Information shown:

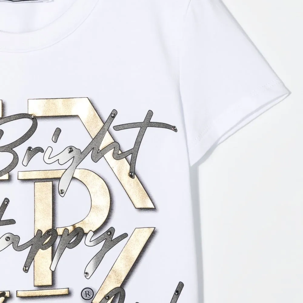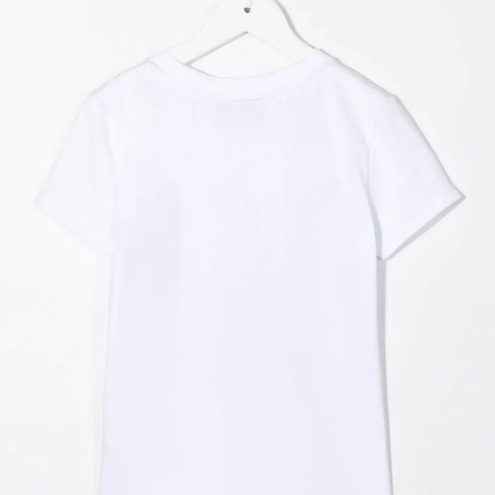 Белый, эластичный хлопок, ткань джерси, графичный принт спереди, круглый вырез, короткие рукава и прямой подол.
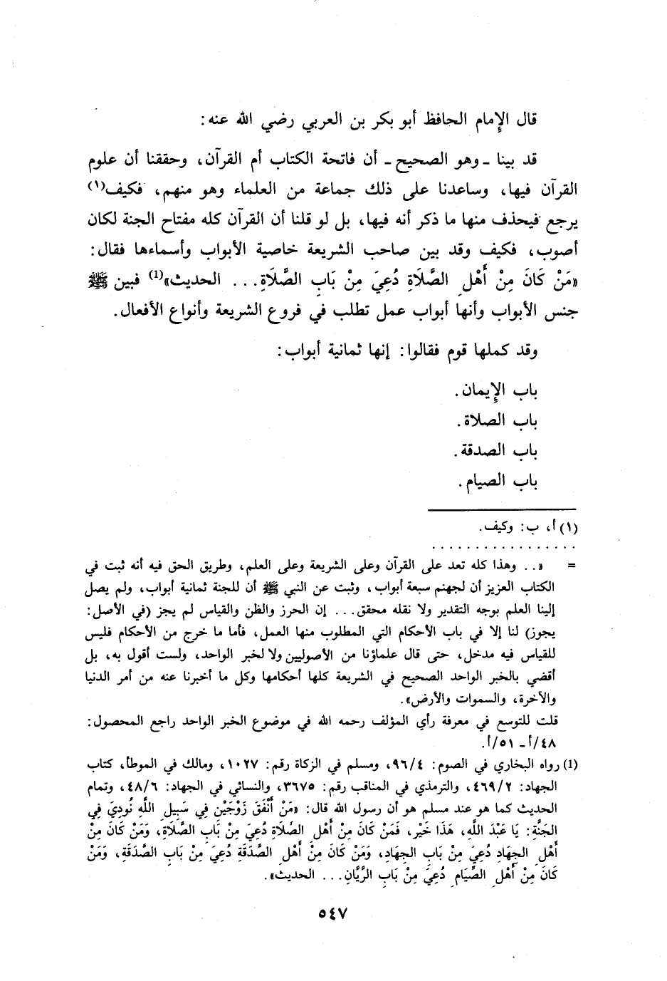 قد بينا -وهو الصحيح- أن فاتحة الكتاب أم القرآن، وحققنا أن علوم القرآن فيها، وساعدنا على ذلك جماعة من العلماء وهو منهم، فكيف يرجع فيحذف منها ما ذكر أنه فيها، بل لو قلنا أن القرآن كله مفتاح الجنة لكان أصوب، فكيف وقد بين صاحب الشريعة خاصية الأبواب وأسماءها فقال: "مَنْ كَانَ مِنْ أهْل الصلاةِ دُعِيَ مِنْ بَابِ الصلاة ... الحديث" (¬1) فبين - صلى الله عليه وسلم - جنس الأبواب وأنها أبواب عمل تطلب في فروع الشريعة وأنواع الأفعال.
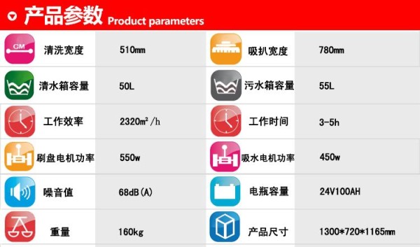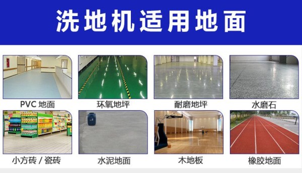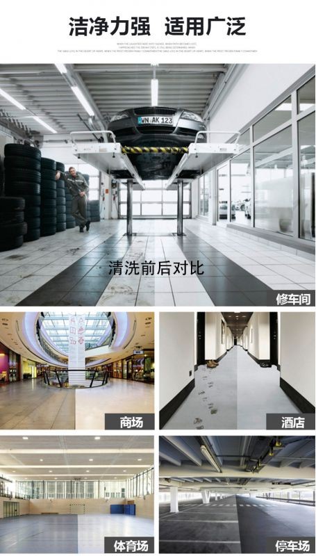 洗擦、吸干一次性完成,洗刷吸干过的地面,洁净如新,脏水、泥土、沙粒、油污统统吸入污水箱;可清洁不同的材质地面,如:环氧树脂地面,油漆地面,混凝土,瓷砖地面等。

Your instructions: Word for word, restate only the lines from the one bearing "قد بينا -وهو" through the final line of the listing, inclusive, with no pictures.

Your response:
 قد بينا -وهو الصحيح- أن فاتحة الكتاب أم القرآن، وحققنا أن علوم القرآن فيها، وساعدنا على ذلك جماعة من العلماء وهو منهم، فكيف يرجع فيحذف منها ما ذكر أنه فيها، بل لو قلنا أن القرآن كله مفتاح الجنة لكان أصوب، فكيف وقد بين صاحب الشريعة خاصية الأبواب وأسماءها فقال: "مَنْ كَانَ مِنْ أهْل الصلاةِ دُعِيَ مِنْ بَابِ الصلاة ... الحديث" (¬1) فبين - صلى الله عليه وسلم - جنس الأبواب وأنها أبواب عمل تطلب في فروع الشريعة وأنواع الأفعال.
 洗擦、吸干一次性完成,洗刷吸干过的地面,洁净如新,脏水、泥土、沙粒、油污统统吸入污水箱;可清洁不同的材质地面,如:环氧树脂地面,油漆地面,混凝土,瓷砖地面等。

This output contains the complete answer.